August 11th, 2023 5:29 PM

Ben Shapiro let Disney have it after a legacy media outlet admitted the extent to which the woke company’s flagship streaming program is taking on water. 

In response to a Wednesday article in The New York Times on Disney+ losing millions of subscribers and deciding to scale back advertising and significantly raise prices, Shapiro came out swinging during the June 10th edition of The Ben Shapiro Show. “Disney is taking it directly in the teeth, The New York Times of course is attributing this to larger market forces, but the reality is that Disney has completely blown out a large segment of its user base,” Shapiro said.

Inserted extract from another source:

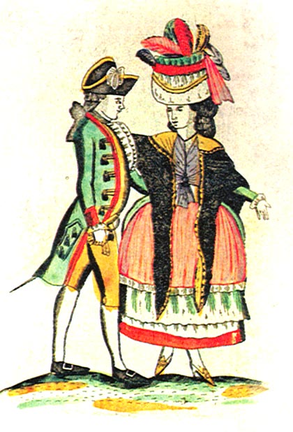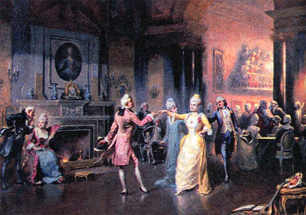 «Вообще наши тогдашние танцовщики, одетые по образцу придворных Людовика XIV, перенимали и в их обращении уловки сих корифеев светской жизни; но, подражая, старались иногда превосходить тех, которых брали за образец. Таким образом мужчина, желавший танцевать с дамою, подходил к ней не прежде, как после трех церемониальных поклонов, во время танцев едва касался пальцами ее пальцев, и когда оканчивал, тогда изъявлял свою благодарность, поцеловав ей руку. Гордая поступь в польском, важная осанка и узорчатыя па в менуэтах отличали хороших танцовщиков». |

The Times report on Disney+ was grim, reporting on a massive decline in customers and revenue.  The article also made clear that Disney was abandoning hopes of recruiting lots of new customers through marketing and would instead raise prices for existing customers. As reported by the article, “Disney’s streaming operation lost $512 million in the most-recent quarter, the company said, bringing total streaming losses since 2019, when Disney+ was introduced, to more than $11 billion. Disney+ lost roughly 11.7 million subscribers worldwide in the three months that ended July 1, for a new total of 146.1 million.” The article went on to mention that Disney+ would now be charging $14 for an ad-free experience, up from $11 in December and $8 before that. All while Disney-owned Hulu would also raise prices. 

While the article pointed out that outside of India, Disney+ had gained 800,000 subscribers, Shapiro was not impressed, adding that, “they basically inflated their numbers by getting a bunch of people to sign up for the starter package in India and then everybody basically dropped off.” Shapiro further added, “that rate of growth is not going to make up for the kind of costs that they have been experiencing due to streaming.” 

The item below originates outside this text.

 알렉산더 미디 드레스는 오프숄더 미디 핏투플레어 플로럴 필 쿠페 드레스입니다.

Shapiro brought up the example of his own family giving up on trips to Disney World, saying, “I can tell you that Disney has lost thousands of dollars from my family alone.” He said that many families felt the same way as his family and were deciding not to subscribe to Disney+ because Disney had “decided to spit in the eye of its consumer base and obviously that was highlighted by their conflict, for no reason whatsoever, with the state of Florida, over the question of sexual indoctrination of children.” 

Shapiro referred to Disney’s opposition to Florida’s “Parental Rights in Education Act,” which protected young children from gender ideology in the classroom. Many commentators have criticized Disney for this choice, as well as woke shows promoting critical race theory and gender ideology and leaked footage where a Disney employee bragged about  the company’s “not-at-all-secret gay agenda.”  

OutKick Founder Clay Travis recently noted Disney’s dismal recent performance on the stock market, among other crippling disasters for the corporation. The news from The Times is only the latest blow. 

Ultimately, Shapiro was optimistic that Disney would be forced to course correct, “[Disney] have been victims of institutional capture by their own people,” Shapiro said, before adding, “as the market starts to decline Disney is going to have to do what every other company is doing and they’re going to have to get rid of their loss leaders, and guess what, wokeness is a loss leader, it is a massive loss leader.”